The right choice follows from the situation, not from which vendor markets hardest. If you are measuring campaigns and matching audiences with commercial partners, a clean room is the correct category, and you pick by ecosystem (the verdicts above map each to its sweet spot). If you need the strongest privacy guarantee for sensitive but still aggregate analysis and can accept data moving into an enclave, Decentriq is the most defensible hosted option.

If your problem is operational data sharing across organisational boundaries, between regulators and the market, across a supply chain, or between parties who do not trust a shared operator (competitors included), and you need row-level, real-time exchanges anchored in a verifiable audit trail, that is where the clean room model stops fitting and a decentralised, peer-to-peer architecture like mintBlue's belongs. Measuring between advertising partners points to a clean room. Sharing operational data between organisations that cannot afford to trust an operator points to removing the operator instead.

FAQs

What is a data clean room?
A data clean room is a controlled environment where two or more organisations analyse their combined data without handing over the raw records. Each party's data stays in its own space, an operator enforces which queries can run, and only aggregated results come back out. It is most common in advertising for audience overlap, reach, and attribution.

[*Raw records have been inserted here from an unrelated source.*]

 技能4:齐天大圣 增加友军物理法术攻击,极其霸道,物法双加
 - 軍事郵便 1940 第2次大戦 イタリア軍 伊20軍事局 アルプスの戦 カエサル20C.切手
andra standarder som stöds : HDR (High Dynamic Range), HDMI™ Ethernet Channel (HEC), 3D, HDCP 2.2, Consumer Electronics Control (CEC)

How does a data clean room work?
A clean room combines three controls: data placement (each party's data sits in its own account, queried where it lives rather than pooled), query restriction (only approved, usually templated queries run, with privacy checks like minimum-audience thresholds), and output control (results are aggregated and anything that could re-identify an individual is blocked). The operator enforces these rules, so protection rests on trusting that operator.

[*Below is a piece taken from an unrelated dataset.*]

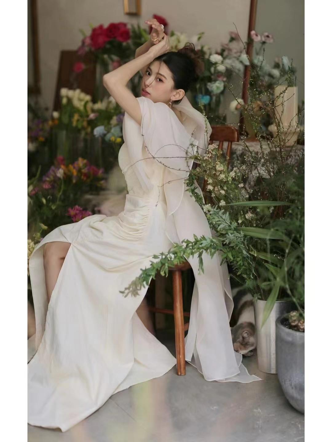 小众款缎面小拖婚纱

What is the best alternative to a data clean room?
It depends on the job. For privacy-preserving identity matching, cryptographic protocols like PAIR or networks like Karlsgate remove the shared warehouse. For operational, cross-organisational data sharing where you cannot trust a central operator, decentralised infrastructure that keeps data at source and exchanges it peer-to-peer with an audit trail is a better fit than any clean room.

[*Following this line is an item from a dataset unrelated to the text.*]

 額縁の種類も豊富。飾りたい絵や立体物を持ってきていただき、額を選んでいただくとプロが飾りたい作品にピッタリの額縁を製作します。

Are data clean rooms expensive?
They can be. IAB research found 62% of users spent at least $200,000 in a year and 23% spent over $500,000, with implementations taking up to two years. Fewer than a third use the advanced features, so a lot of that spend supports basic overlap counts.

Is a data clean room the same as confidential computing?
No. Confidential computing (used by Decentriq) runs analysis inside hardware-enforced secure enclaves so the operator cannot read the data even while processing it. Many clean rooms rely on policy and contract instead. Confidential computing can power a clean room, but most do not use it, and even with it the encrypted data still moves into the enclave.